Cortactin has been shown in vitro to bind and activate N WASP through an SH3 proline wealthy domain interaction. This activation is regulated pos itively and negatively when cortactin is phosphorylated by Erk and Src respectively. Erk phosphorylation of cortactin or the double mutation S405,418D in cortactin that mim ics this phosphorylation boost the proteins binding to and activation of N WASP. Conversely, Src phosphoryla tion inhibits the capability of both Erk phosphorylated cort actin, and that doubly mutated S405,418D cortactin, to activate N WASP. In addition, phospho mimetic muta tion with the 3 tyrosine residues targeted by Src inhibited the capability of S405,418D cort actin to activate N WASP.
These final results led us to hypothe size that Erk phosphorylation liberates the SH3 domain of cortactin from intramolecular interactions, enabling it to synergize with N WASP in activating the Arp2 3 complicated, and that Src phosphorylation terminates cortactin activa discover more here tion of N WASP. This proposed on off switching mecha nism suggests that phosphorylation of cortactin regulates the accessibility and or affinity of its SH3 domain towards its targets. S Y model may possibly be relevant for actin dynamics in several cell processes and it might partially explain the coordinated action of cortactin and N WASP proteins, therefore connecting the two major families of Arp2 three complicated activators. Constant with this model, current structural information showed that cortactin adopts a closed globular conformation in which its SH3 domain interacts together with the actin binding repeats. This model has opened up new directions for studies in many cell systems.

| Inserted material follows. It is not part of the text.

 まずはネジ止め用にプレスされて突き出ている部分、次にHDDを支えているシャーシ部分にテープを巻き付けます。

For example, serine phosphorylation of cortactin has been proposed to be relevant for actin polymerization, even though tyrosine phosphorylation have already been shown to selectively handle adhesion turnover. This suggests that distinct phosphocortactin forms par ticipate in distinct signaling pifithrin a pathways. Although it really is clear that cortactin participates in pedestal actin dynamics, the underlying mechanism is not well understood. Prior research have shown that cortactin translocates to EPEC pedestals. More than expression of trun cated forms of cortactin blocks pedestal formation. A comply with up study to this perform focused on the function of cortac tin domains and Erk Src phosphorylation, and it con firmed that truncated types of cortactin exert a dominant negative impact in pedestal formation by EPEC and EHEC.

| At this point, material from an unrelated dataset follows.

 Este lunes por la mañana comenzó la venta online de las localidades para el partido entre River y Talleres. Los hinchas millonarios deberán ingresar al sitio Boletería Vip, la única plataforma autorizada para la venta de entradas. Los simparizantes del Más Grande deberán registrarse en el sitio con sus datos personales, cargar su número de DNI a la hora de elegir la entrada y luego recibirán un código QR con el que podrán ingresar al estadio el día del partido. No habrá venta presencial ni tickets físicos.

This study suggests that cortactin is recruited through its helical area, plus the authors conclude that tyrosine phosphorylation is rel evant to pedestal formation, whereas serine phosphoryla tion seems to possess no effect on actin assembly underneath the bacteria. However, this conclusion is based exclu sively on experiments with phosphorylation mimicking mutants, without having any comparison together with the corresponding non phosphorylatable counterparts.